* _Action item_
Retype only the lines below from the one with "I got up already" to the one with "Looking for a", inclusive, skipping every image.

* _Provided records_
··········

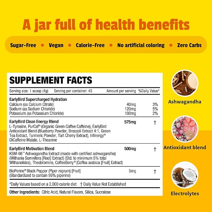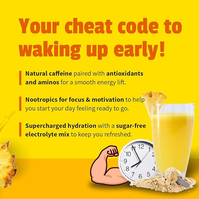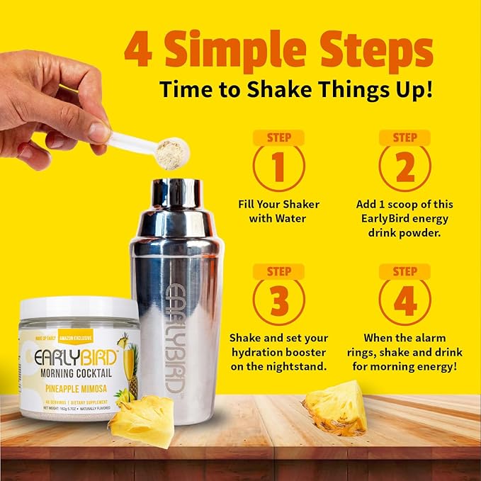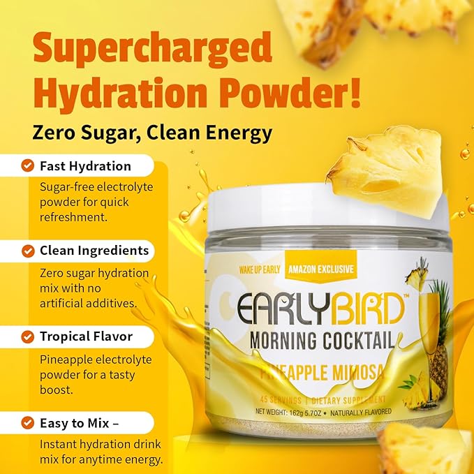EarlyBird Morning Cocktail - Pineapple Mimosa 45 Servings - Clean Energy Drink (Natural Caffeine), Increased Motivation (Nootropics), Supercharged Hydration (Electrolytes) - Wake Up Early Drink w/
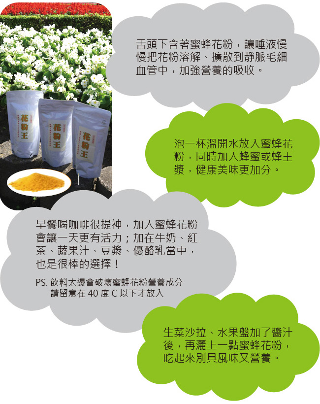 - 蜂花粉是天然的營養食品,不會有副作用。惟過敏者或特殊體質的人,仍應先請教醫生或專業醫療人員之意見為宜。
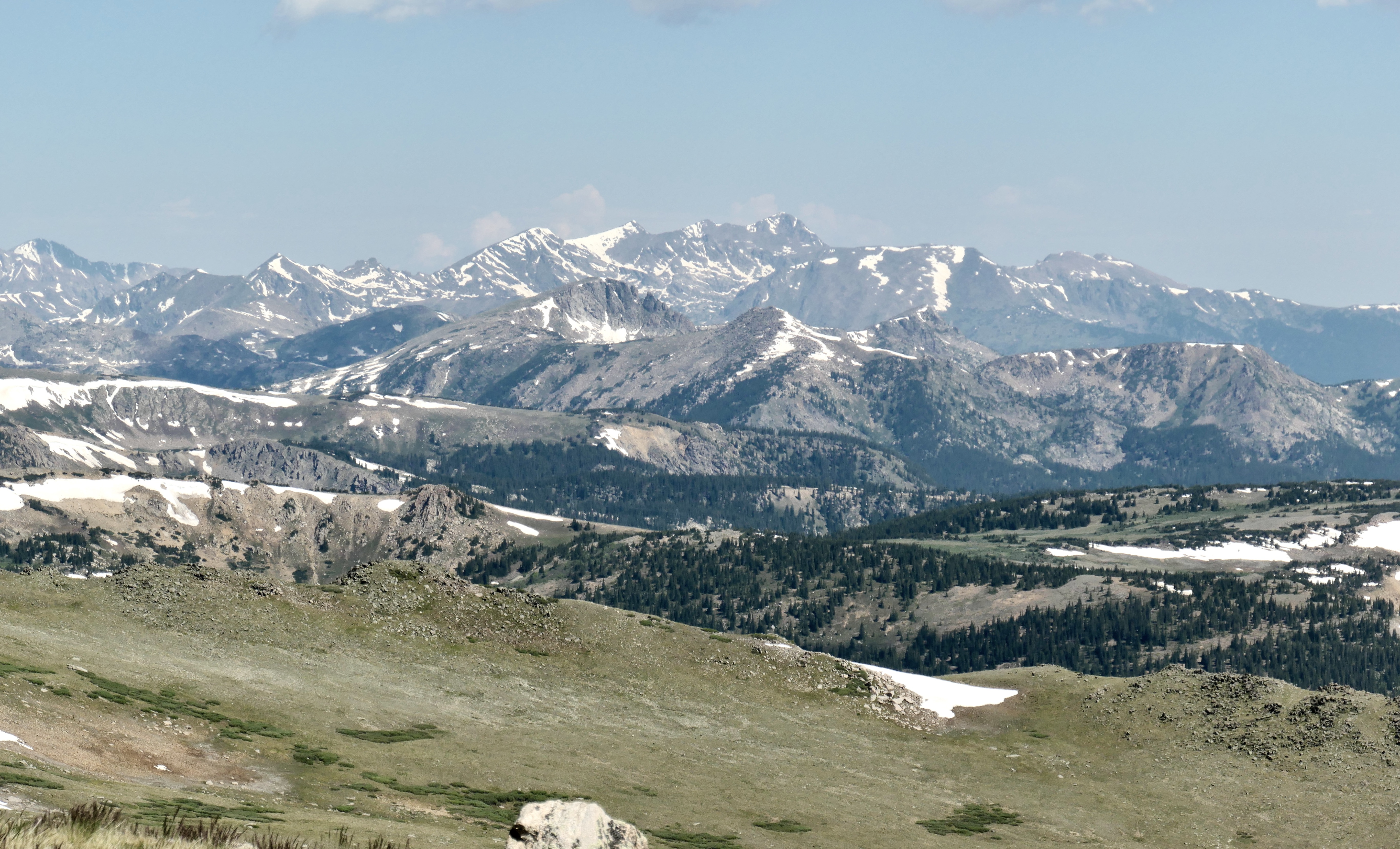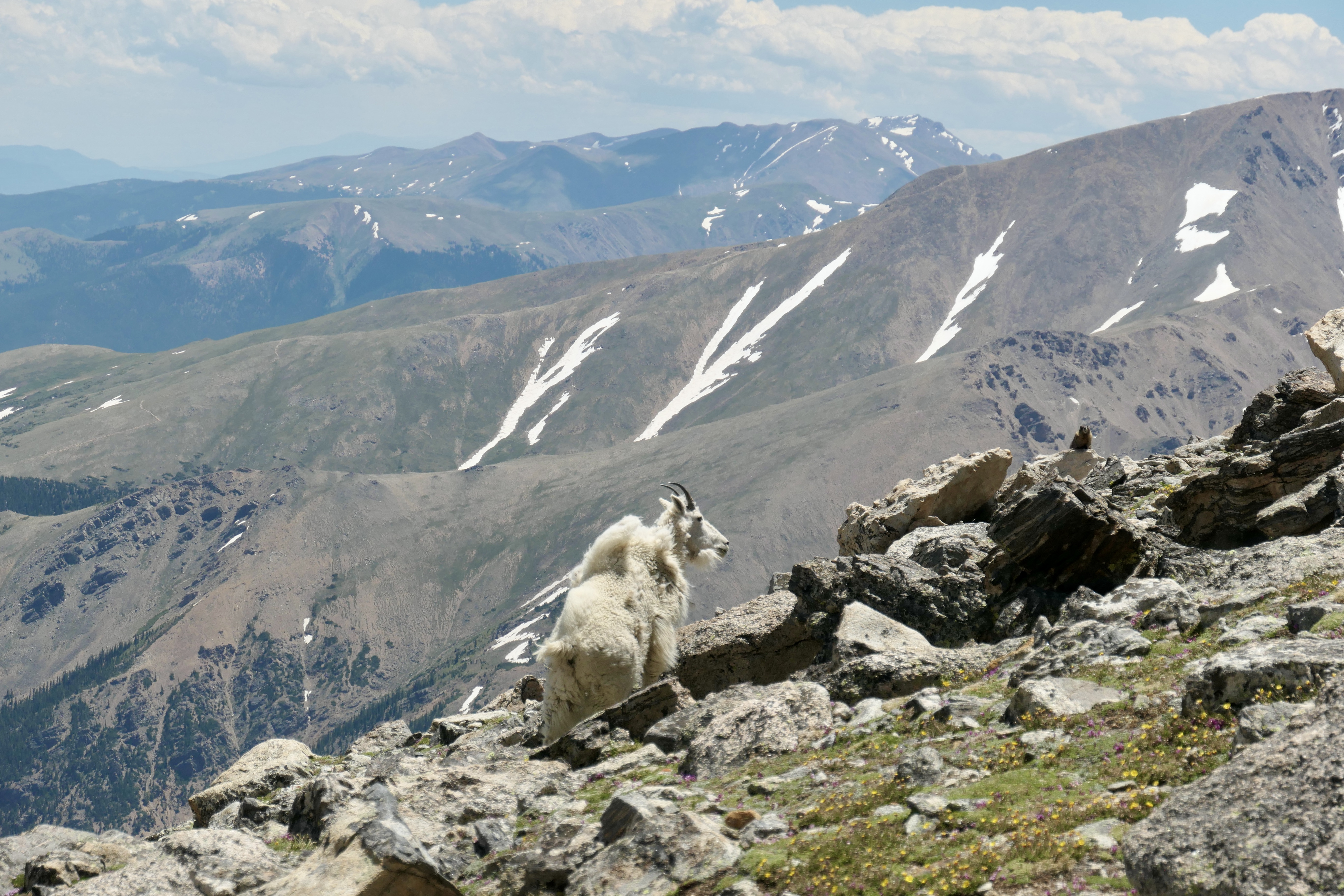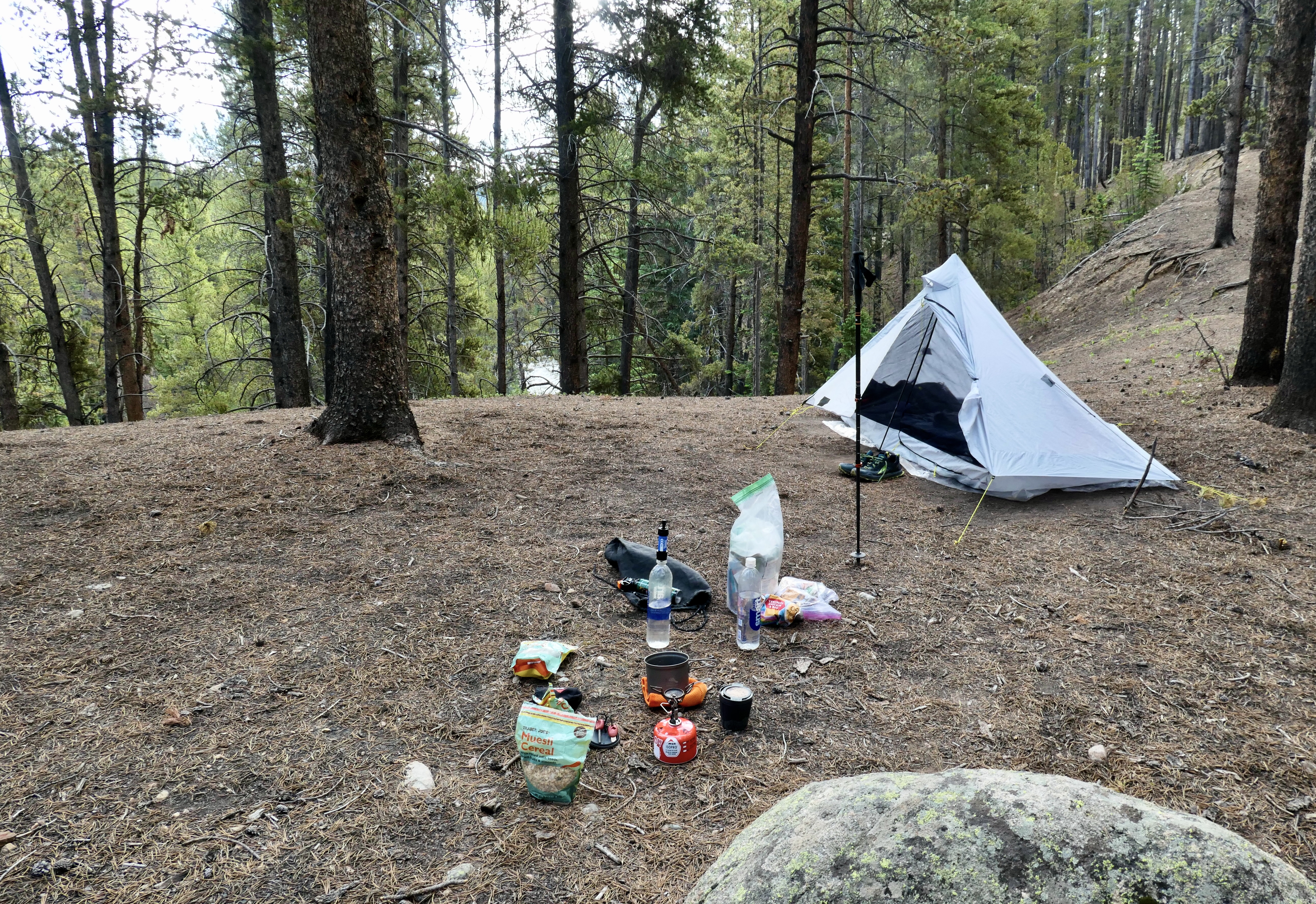 I got up already at 6:15 to make some coffee. I grinded fresh beans before I left and that paired with the MSR coffee filter is a winner every time. Best way to get good coffee on trail unless you want to bring the grinder. It was only my second night in my new tent (Six Moon Designs Lunar Solo) and generally i was very happy with it the whole trip. It stayed dry the whole trip so still have to put it to the test in rainy weather. It’s a one man tent but i can still have all of my gear inside which i like. The first part of the trail is on the Colorado Trail so I already met a bunch of people that were going all the way to Durango. The whole trail usually is 4-6 weeks. After around 6k on the CT the trail breaks off and goes up the mountain. Theres a nice big stream just before it breaks off so I took a little break and filled up my bottles. I climbed it on a Saturday so I met quit a few people on the way. To my surprise I didn’t need to cross any snow and it was not a very technical climb. I could basically walk the whole way up (it’s classified as class 2). The views where amazing as always when you climb a mountain and I met a family of mountain goats all the way on the top. It was a very cool experience since it was my first time seeing them. I got down after 24k, 1400m elevation, and almost 7h of walking, and had a really good lunch in camp. The rest of the day I was just eating and chilling in camp, another great day.
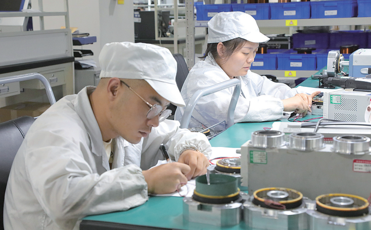 图为操作人员正在测试电机产品的性能。沈阳 摄
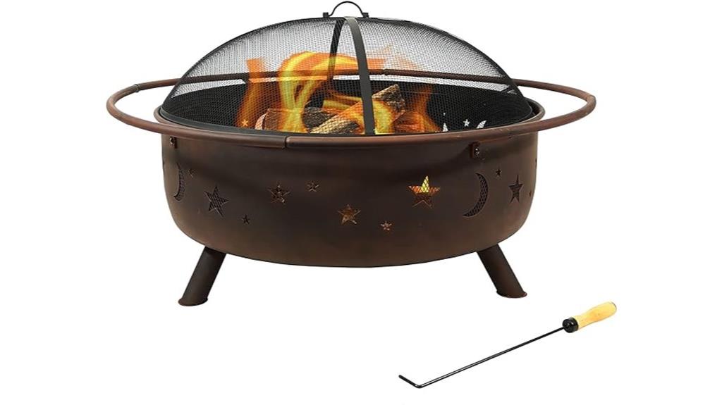Looking for a fire pit that combines size, style, and safety? The Sunnydaze Cosmic 42-Inch Outdoor Fire Pit might be just what you need. It’s a large, round, wood-burning fire pit perfect for outdoor gatherings with space for 8-10 people. Its contemporary design features rustic patina-colored alloy steel with star and moon cutouts, adding a charming touch. The fire bowl’s built-in grate, mesh spark screen, and airflow cutouts promote safe, efficient fires. Easy to assemble and maintain, it’s ideal for creating cozy backyard moments. Just remember to cover it when not in use to prevent rust, and enjoy those stunning outdoor nights!
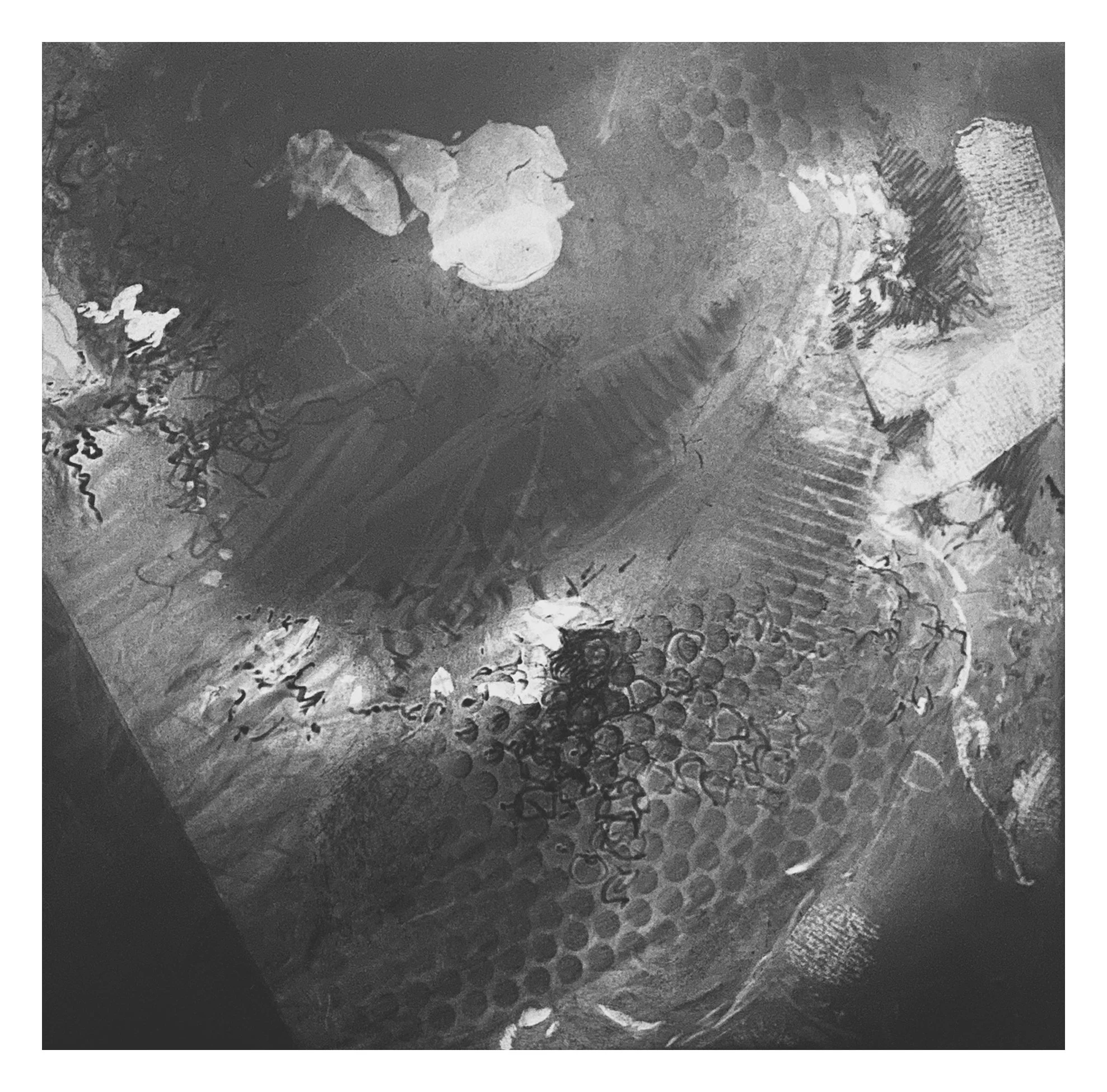 I love utilizing a diverse collection of mark-making implements when working with graphite. My favorite tool is an old brush I salvaged years ago from my Dad’s basement workspace. Tucked away in the studio, it recently resurfaced to become this remarkable applicator for the powdered medium itself. And with repetitive layering built into my genetic makeup, the method was perfect for producing an intriguing dimensional ground for whatever else might materialize.

··········

* _Your response_
 I got up already at 6:15 to make some coffee. I grinded fresh beans before I left and that paired with the MSR coffee filter is a winner every time. Best way to get good coffee on trail unless you want to bring the grinder. It was only my second night in my new tent (Six Moon Designs Lunar Solo) and generally i was very happy with it the whole trip. It stayed dry the whole trip so still have to put it to the test in rainy weather. It’s a one man tent but i can still have all of my gear inside which i like. The first part of the trail is on the Colorado Trail so I already met a bunch of people that were going all the way to Durango. The whole trail usually is 4-6 weeks. After around 6k on the CT the trail breaks off and goes up the mountain. Theres a nice big stream just before it breaks off so I took a little break and filled up my bottles. I climbed it on a Saturday so I met quit a few people on the way. To my surprise I didn’t need to cross any snow and it was not a very technical climb. I could basically walk the whole way up (it’s classified as class 2). The views where amazing as always when you climb a mountain and I met a family of mountain goats all the way on the top. It was a very cool experience since it was my first time seeing them. I got down after 24k, 1400m elevation, and almost 7h of walking, and had a really good lunch in camp. The rest of the day I was just eating and chilling in camp, another great day.
 图为操作人员正在测试电机产品的性能。沈阳 摄
Looking for a fire pit that combines size, style, and safety? The Sunnydaze Cosmic 42-Inch Outdoor Fire Pit might be just what you need. It’s a large, round, wood-burning fire pit perfect for outdoor gatherings with space for 8-10 people. Its contemporary design features rustic patina-colored alloy steel with star and moon cutouts, adding a charming touch. The fire bowl’s built-in grate, mesh spark screen, and airflow cutouts promote safe, efficient fires. Easy to assemble and maintain, it’s ideal for creating cozy backyard moments. Just remember to cover it when not in use to prevent rust, and enjoy those stunning outdoor nights!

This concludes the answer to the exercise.